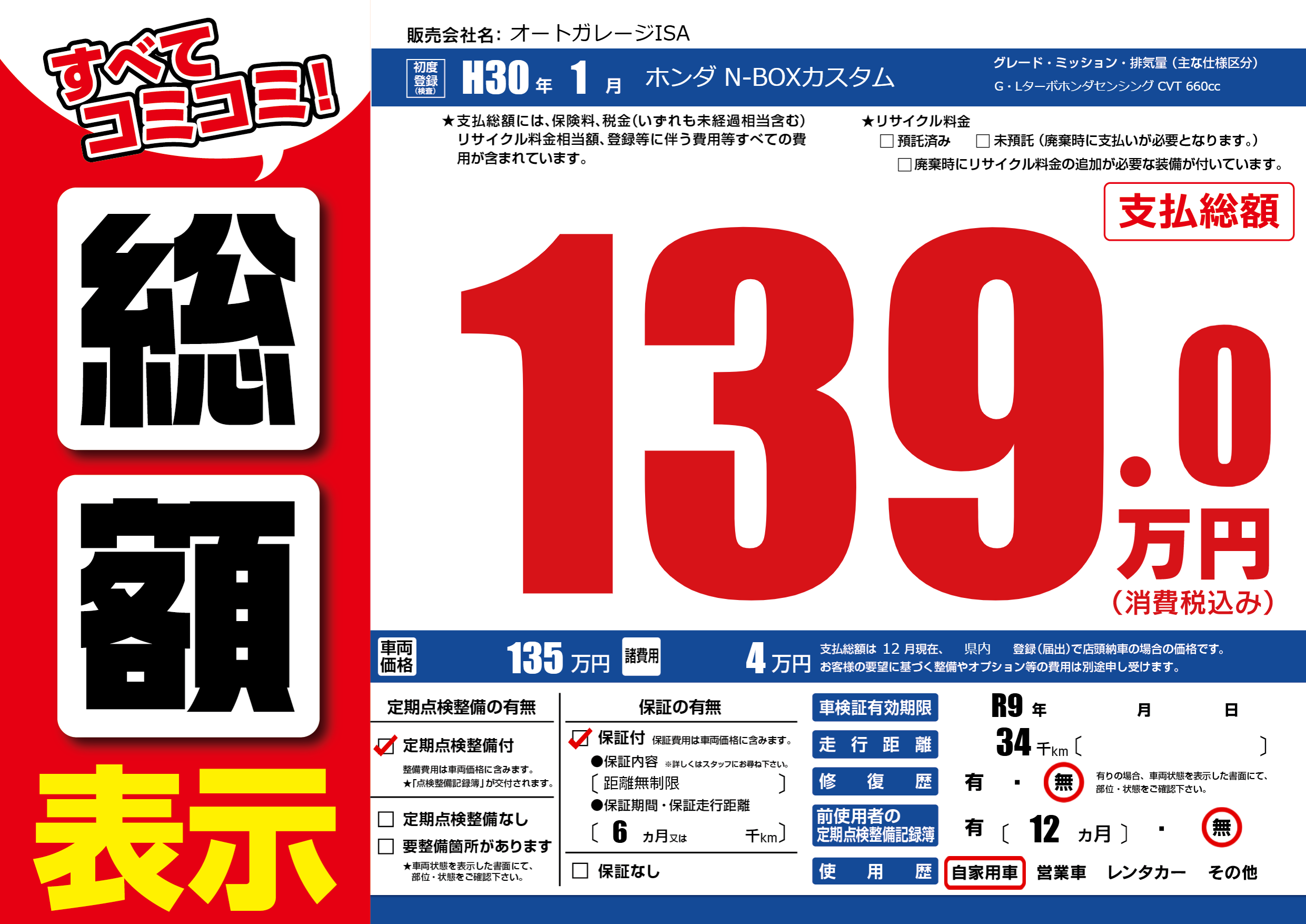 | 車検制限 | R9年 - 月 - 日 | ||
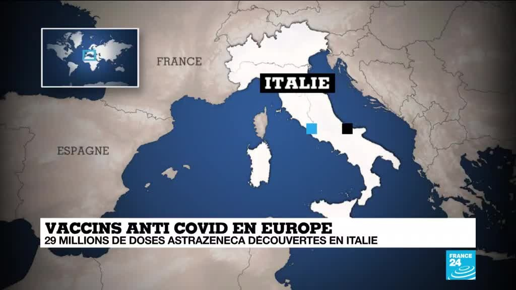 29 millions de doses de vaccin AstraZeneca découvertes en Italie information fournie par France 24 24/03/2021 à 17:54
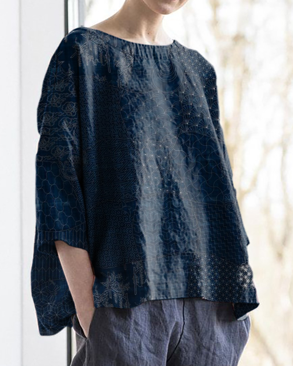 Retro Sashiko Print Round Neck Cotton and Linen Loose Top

...

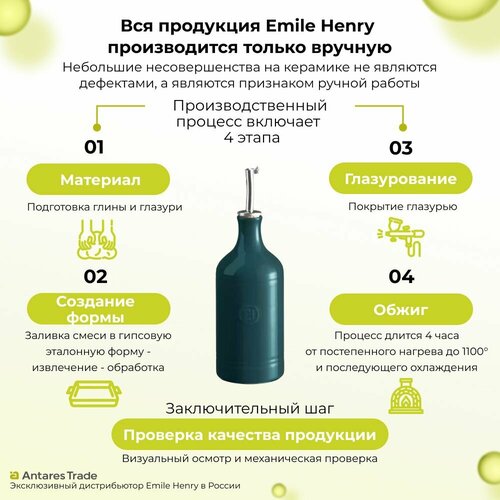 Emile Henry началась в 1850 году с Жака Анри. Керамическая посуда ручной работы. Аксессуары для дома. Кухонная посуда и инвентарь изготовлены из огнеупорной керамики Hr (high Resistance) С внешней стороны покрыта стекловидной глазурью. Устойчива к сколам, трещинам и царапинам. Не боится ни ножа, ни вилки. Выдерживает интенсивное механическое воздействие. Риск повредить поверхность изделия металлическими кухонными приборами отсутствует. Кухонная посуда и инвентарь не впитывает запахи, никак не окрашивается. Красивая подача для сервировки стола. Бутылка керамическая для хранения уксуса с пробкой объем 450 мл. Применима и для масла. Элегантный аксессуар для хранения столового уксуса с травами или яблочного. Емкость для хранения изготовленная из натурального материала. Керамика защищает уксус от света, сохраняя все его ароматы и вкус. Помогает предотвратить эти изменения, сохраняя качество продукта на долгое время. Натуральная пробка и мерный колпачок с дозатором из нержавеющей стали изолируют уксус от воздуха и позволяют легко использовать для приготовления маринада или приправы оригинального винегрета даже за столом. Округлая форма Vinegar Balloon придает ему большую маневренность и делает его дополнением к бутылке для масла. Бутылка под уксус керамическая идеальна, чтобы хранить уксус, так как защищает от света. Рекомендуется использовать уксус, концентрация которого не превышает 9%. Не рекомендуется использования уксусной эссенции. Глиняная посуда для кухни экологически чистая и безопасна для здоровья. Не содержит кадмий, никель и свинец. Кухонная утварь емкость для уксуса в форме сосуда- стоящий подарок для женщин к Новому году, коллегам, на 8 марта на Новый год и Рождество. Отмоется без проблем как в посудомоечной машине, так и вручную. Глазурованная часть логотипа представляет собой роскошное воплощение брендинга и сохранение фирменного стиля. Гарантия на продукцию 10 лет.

--

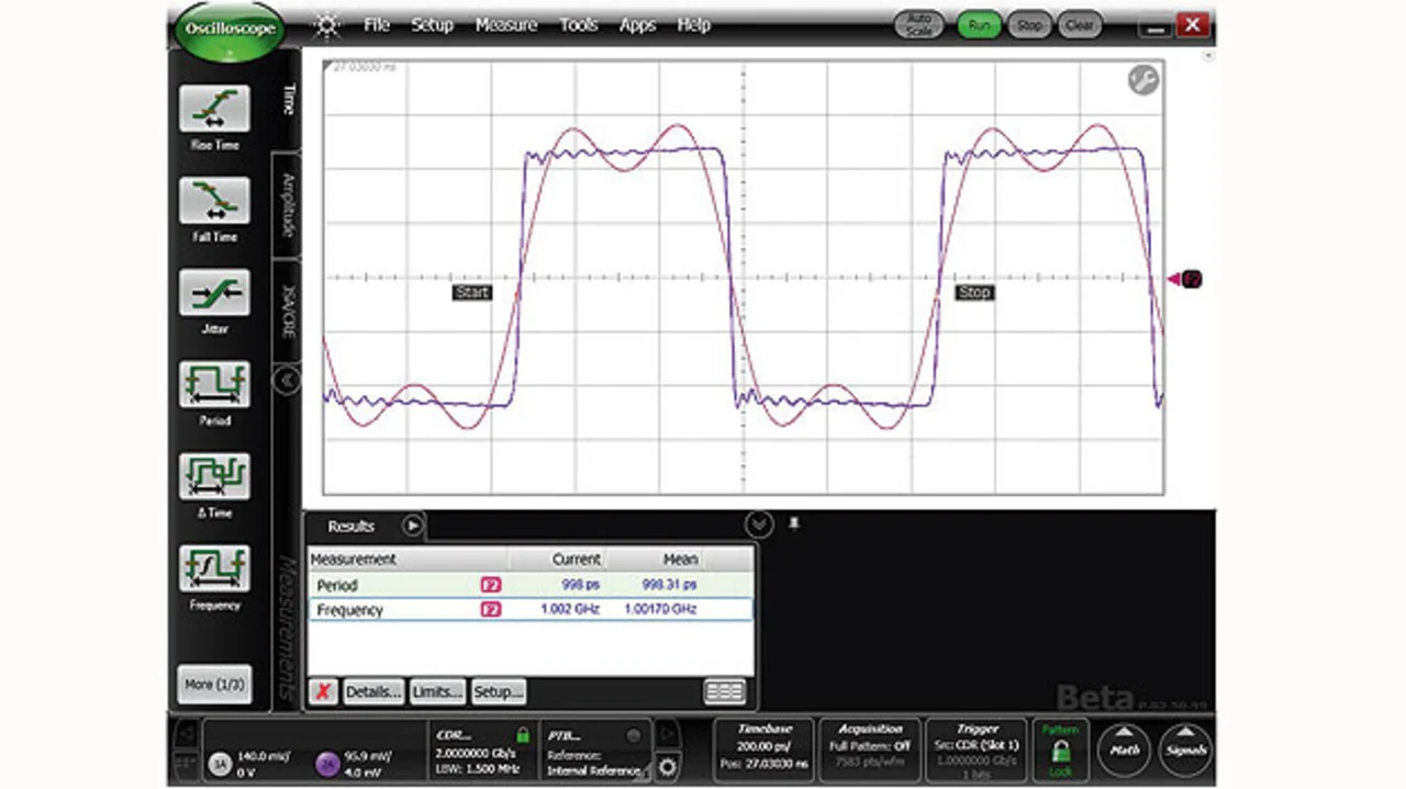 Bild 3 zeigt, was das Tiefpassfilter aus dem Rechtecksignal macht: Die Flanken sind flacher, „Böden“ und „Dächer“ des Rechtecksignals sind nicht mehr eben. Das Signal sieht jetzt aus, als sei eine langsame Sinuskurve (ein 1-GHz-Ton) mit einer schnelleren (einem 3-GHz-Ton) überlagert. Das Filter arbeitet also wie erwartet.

§ Task: Using the data above, copy exactly the lines from the one containing "R9年 - 月 - 日 | ||" to the one containing "Retro Sashiko Print", inclusive. Exclude the pictures.

§ Answer to the problem:
 | 車検制限 | R9年 - 月 - 日 | ||
 29 millions de doses de vaccin AstraZeneca découvertes en Italie information fournie par France 24 24/03/2021 à 17:54
 Retro Sashiko Print Round Neck Cotton and Linen Loose Top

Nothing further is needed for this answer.